What's Behind the News
A utility vegetation and line-clearing program by Kentucky Power to reduce storm outages and improve grid reliability.
- Pike judge says rights-of-way near lines were neglected
- December ice storm caused widespread outages, food spoilage
- PSC conducting onsite engineering inspection and review
A judge-executive in eastern Kentucky is criticizing a power utility for "pure neglect" he said led to widespread outages during a recent winter storm.
Pike County Judge-Executive Wayne Rutherford said Kentucky Power Co. has not done an adequate job of clearing tree growth around power lines in right of way areas.
"Everyone in this county has noticed for years that the power company has neglected to clear their rights of way near the power lines," Rutherford wrote in a letter to the Kentucky Public Service Commission.
Rutherford said over half the county lost power during the mid-December storm, which knocked out electricity to 100,000 homes across eastern Kentucky. Officials in neighboring Letcher County have also complained about right of way maintenance by Kentucky Power, even amid Kentucky power bills increasing across the state in the wake of the December storm.
The heavy snow and ice buckled branches and trees, sending them crashing into power lines across the area.
Kentucky Power spokesman Ronn Robinson said that he had not seen Rutherford's letter but said the utility, a unit of American Electric Power, which has faced a new inquiry on outages in other jurisdictions, spends millions of dollars each year clearing the rights of way.
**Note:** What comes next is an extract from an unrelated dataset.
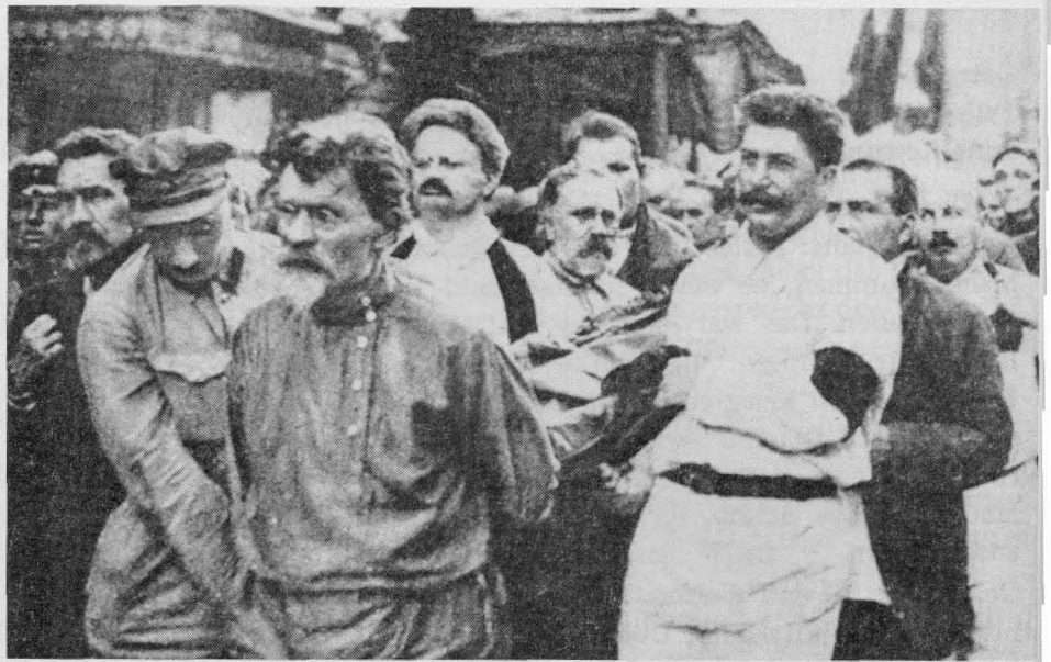
Beisetzung des am 20.6.1926 verstorbenen Massenmörders Felix E. Derschinsky, der 1917 die Tscheka – die spätere GPU – gegründet hat. Stalin + Trotzki treten zum letzten Mal gemeinsam in der Öffentlichkeit auf. Von li. n. r.: (3.v.li.) Rykow, Kalinin, Trotzki, Kamenew, Stalin, Tomski + Bucharin.

Weder hat Adolf Hitler in seinem Buch "Mein Kampf", noch seit 1923 oder 1933 anderen Völkern den Kampf angesagt, Raub- oder "Befreiungsfeldzüge" proklamiert, für Eroberungen gerüstet, Koalitionen zur Einkreisung anderer Staaten eingefädelt. Wenn er den Völkerbundmächten Unruhe bereitete, so nur deshalb, weil er sich mit ihren Unrechtsbedingungen von Versailles, aber auch mit weltrevolutionären Methoden nicht abzufinden gewillt war. Doch das ist legitim!

"In eastern Kentucky it's a challenge to maintain right of ways. It's predominantly rural, it's heavily forested," Robinson said. Robinson said many of the outages were caused by trees that fell from outside the right of way areas around power lines, and in Ohio regulators said utilities could have communicated better during similar storm events.
Rutherford said many Pike County residents had their food supplies spoil when the power went down, in some homes for 10 days.
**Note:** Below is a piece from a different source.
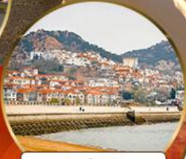
ซาร์จื่อซ่า

"Can you imagine the amount of food lost?" Rutherford wrote in the letter. He said he is "hopeful a class action lawsuit will be filed on behalf of the Pike County families who lost all their food."
Robinson declined to comment on any potential legal actions.
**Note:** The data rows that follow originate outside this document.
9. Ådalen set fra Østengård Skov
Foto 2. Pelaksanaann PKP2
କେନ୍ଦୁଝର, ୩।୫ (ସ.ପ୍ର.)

Public Service Commission spokesman Andrew Melnykovych said in an e-mail that the agency is responding to resident concerns by conducting an "onsite review by members of our engineering inspection staff." He said any further action would be determined after that evaluation is done, with the Kentucky PSC also seeking more reliability data to guide decisions going forward.
In Letcher County a grand jury is being assembled to look into whether Kentucky Power could have done more to prevent widespread electrical outages during the storm. Commonwealth's Attorney Edison Banks said he received complaints from residents that said Kentucky Power wasn't doing enough to keep electrical line rights of way cleared of trees, and consumer advocates have taken a stand against rate increases amid those frustrations as well.